RECORDS TO USE —
%%
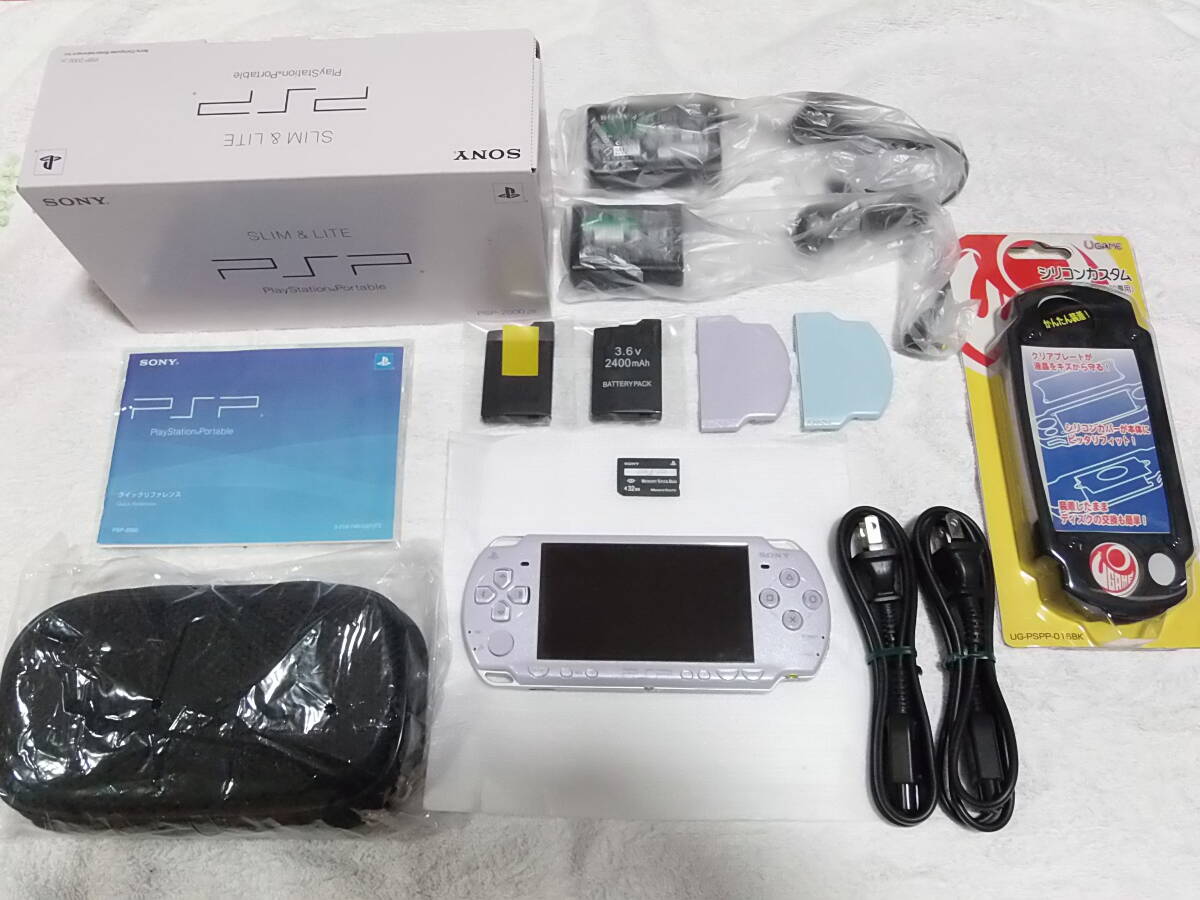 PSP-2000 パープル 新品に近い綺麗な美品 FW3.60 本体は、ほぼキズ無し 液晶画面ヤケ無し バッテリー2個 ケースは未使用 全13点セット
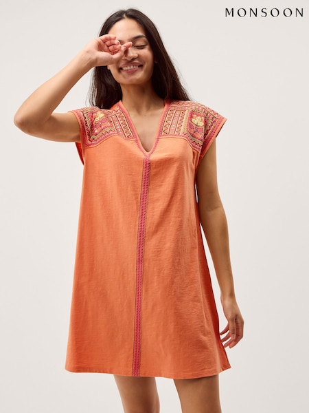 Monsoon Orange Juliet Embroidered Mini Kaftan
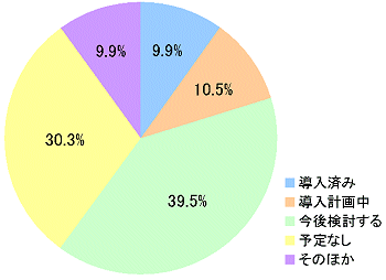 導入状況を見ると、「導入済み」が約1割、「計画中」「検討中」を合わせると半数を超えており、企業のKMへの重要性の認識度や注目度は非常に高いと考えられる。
%%
%%
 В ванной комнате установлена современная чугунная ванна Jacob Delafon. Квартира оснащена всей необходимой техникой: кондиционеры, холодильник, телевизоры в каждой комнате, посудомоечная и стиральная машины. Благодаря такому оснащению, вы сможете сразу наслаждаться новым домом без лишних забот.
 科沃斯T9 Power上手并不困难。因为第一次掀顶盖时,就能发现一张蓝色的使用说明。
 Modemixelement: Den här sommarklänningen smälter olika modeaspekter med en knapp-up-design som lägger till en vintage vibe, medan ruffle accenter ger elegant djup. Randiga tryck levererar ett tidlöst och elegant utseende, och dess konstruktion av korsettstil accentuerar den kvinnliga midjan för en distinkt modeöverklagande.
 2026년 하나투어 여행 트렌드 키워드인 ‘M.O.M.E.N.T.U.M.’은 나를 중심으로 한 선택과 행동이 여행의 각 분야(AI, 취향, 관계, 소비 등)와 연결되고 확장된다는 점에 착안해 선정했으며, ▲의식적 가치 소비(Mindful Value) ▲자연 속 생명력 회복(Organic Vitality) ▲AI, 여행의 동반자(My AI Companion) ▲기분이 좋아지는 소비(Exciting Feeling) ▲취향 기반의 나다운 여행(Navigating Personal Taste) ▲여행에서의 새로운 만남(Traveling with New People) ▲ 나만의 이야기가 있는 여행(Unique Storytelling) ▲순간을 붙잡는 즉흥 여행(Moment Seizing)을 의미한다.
%%
%%
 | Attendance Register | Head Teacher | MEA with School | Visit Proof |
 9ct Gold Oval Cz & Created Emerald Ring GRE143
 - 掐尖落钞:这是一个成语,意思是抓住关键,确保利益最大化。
%%
PROMPT — When copying from the data above, print only the lines from the line containing "Monsoon Orange Juliet" to the line containing "導入状況を見ると、「導入済み", exactly, and leave the pictures out.

SOLUTION TO THE PROBLEM —
 Monsoon Orange Juliet Embroidered Mini Kaftan
 導入状況を見ると、「導入済み」が約1割、「計画中」「検討中」を合わせると半数を超えており、企業のKMへの重要性の認識度や注目度は非常に高いと考えられる。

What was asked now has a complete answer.